JR: Yes, electrification is being embraced but in a different context. Whilst cars are mainly going full electric, yachts are remaining the equivalent of an electric hybrid. This is simply down to the scale of energy needed for a yacht to operate, and the limited storage capacity of batteries. Designs such as Kairos from Oceanco / Pininfarina / Lateral are pushing the boundary and achieving 75% of daily operation on battery. However, we can be sure that battery technology will advance and it is a core part of our future proofing strategy to make batteries part of our energy and propulsion system architecture choices.
LUX: We read about alternatives like liquid hydrogen-based systems, will these become industry-standard in the future?
JR: There are many alternative fuels being explored by the marine industry (and other industries) in the move to decarbonisation and net-zero. Some of these fuels, such as bio diesel, are a simple ‘drop-in’ equivalent for the diesel we already use. Other fuels, such as methanol and liquid hydrogen can make compelling options for future net-zero fuels. However, all of these require more space on board as they have a lower energy density than current fossil fuels. In the future there will be no singular solution, there may be many different future fuels in use. We can be certain that this will be a (welcome) challenge to designers and engineers; we will need to become even more efficient in energy use (so we require less fuel as it uses more volume) and we will also need to offer at least equivalent levels of functionality but in a smaller package.

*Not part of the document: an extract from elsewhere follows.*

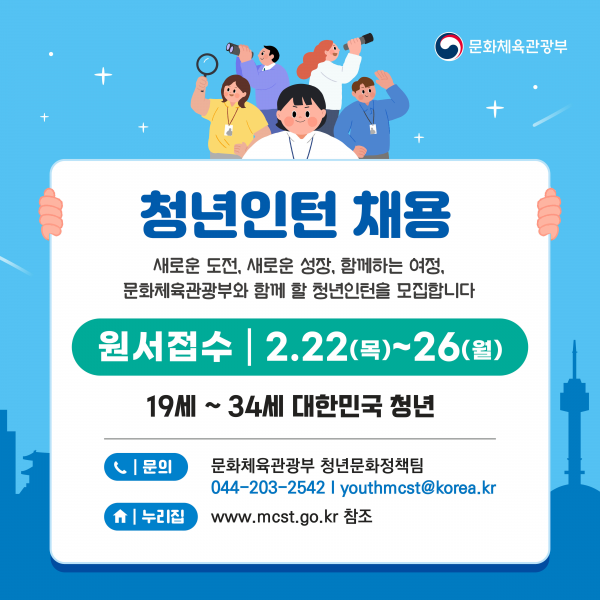 상반기 채용 공고는 2월 16일 문체부 누리집과 인사혁신처 나라일터에 게시하며 2월 22일부터 26일까지 원서를 접수한다.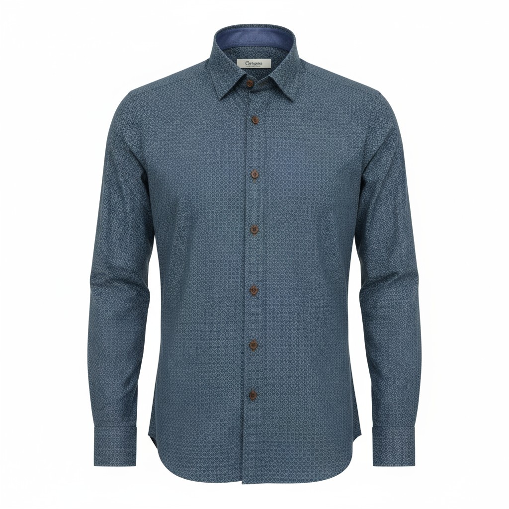 Camisa de manga larga con estampado floral en tonos azules, confeccionada en tejido suave y ligero para una comodidad excepcional. Su corte ajustado realza la silueta masculina, mientras que el cuello clásico y los botones frontales aportan un toque elegante y moderno.

This is the creative challenge we will face in the future; such challenges drive us to innovate.
LUX: What do you tell your next gen clients when they are spoiled for choice?
JR: We live in an age of so much choice that it often becomes an enemy to decision making. When I was growing up, we had three TV channels, now we have hundreds but choosing which one to watch is surprisingly quite hard at times! It is a key skill of any leader to be able to guide their clients through the complexities of choice. There are some choices that are complex, technical, rational, and others which are very emotive and personal. Equally there are a multitude that fall in the grey area in between, and guiding clients in these choices without making them feel like they are taking unmanaged risks is key.